- EXCERPTED RECORDS
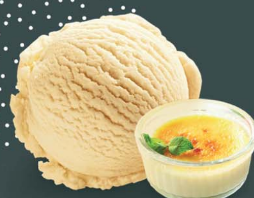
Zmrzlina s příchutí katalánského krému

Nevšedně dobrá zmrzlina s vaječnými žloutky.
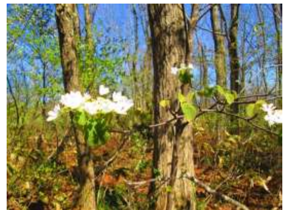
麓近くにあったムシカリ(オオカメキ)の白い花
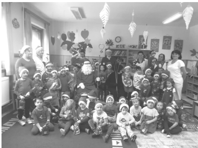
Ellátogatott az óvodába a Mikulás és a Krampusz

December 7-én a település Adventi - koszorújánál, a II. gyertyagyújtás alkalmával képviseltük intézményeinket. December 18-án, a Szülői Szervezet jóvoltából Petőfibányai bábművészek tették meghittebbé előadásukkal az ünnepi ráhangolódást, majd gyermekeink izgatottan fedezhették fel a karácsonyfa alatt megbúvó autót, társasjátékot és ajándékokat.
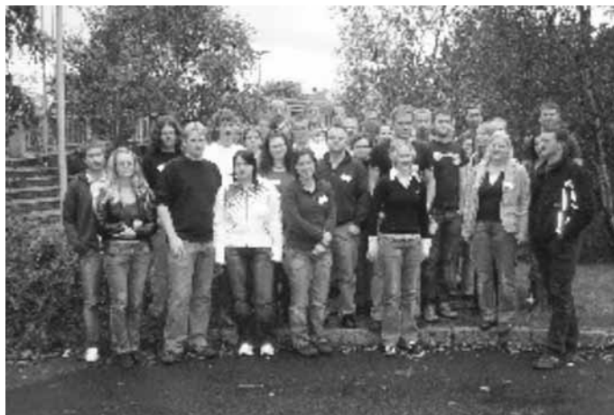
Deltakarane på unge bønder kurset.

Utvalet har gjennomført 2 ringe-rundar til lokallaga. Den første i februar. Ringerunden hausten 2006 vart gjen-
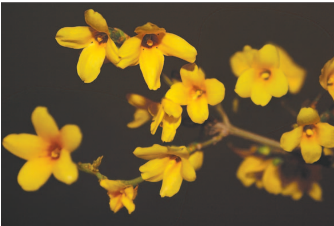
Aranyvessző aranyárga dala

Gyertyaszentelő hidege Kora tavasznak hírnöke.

---

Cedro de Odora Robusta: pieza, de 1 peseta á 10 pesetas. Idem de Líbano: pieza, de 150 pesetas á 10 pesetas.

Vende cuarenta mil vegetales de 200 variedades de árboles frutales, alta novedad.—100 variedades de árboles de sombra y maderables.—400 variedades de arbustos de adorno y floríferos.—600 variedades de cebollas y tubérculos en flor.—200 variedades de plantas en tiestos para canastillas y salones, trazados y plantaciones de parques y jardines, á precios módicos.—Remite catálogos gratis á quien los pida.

---

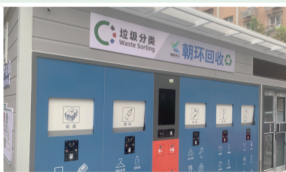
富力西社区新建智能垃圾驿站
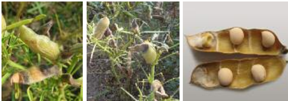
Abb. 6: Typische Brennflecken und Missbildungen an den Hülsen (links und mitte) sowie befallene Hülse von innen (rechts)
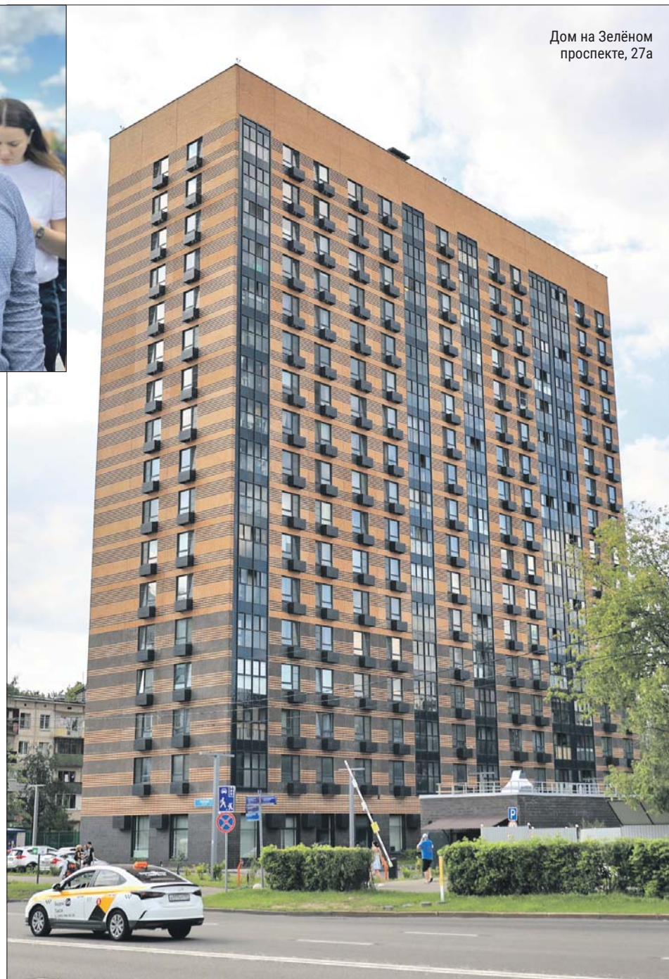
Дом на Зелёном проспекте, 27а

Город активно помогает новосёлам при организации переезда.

- WORK REQUEST
Here the output must be the lines above from the line with "Cedro de Odora" to the line with "Vende cuarenta mil", both included, duplicated word for word and nothing else.

- ANSWER TO THIS TASK
Cedro de Odora Robusta: pieza, de 1 peseta á 10 pesetas. Idem de Líbano: pieza, de 150 pesetas á 10 pesetas.

Vende cuarenta mil vegetales de 200 variedades de árboles frutales, alta novedad.—100 variedades de árboles de sombra y maderables.—400 variedades de arbustos de adorno y floríferos.—600 variedades de cebollas y tubérculos en flor.—200 variedades de plantas en tiestos para canastillas y salones, trazados y plantaciones de parques y jardines, á precios módicos.—Remite catálogos gratis á quien los pida.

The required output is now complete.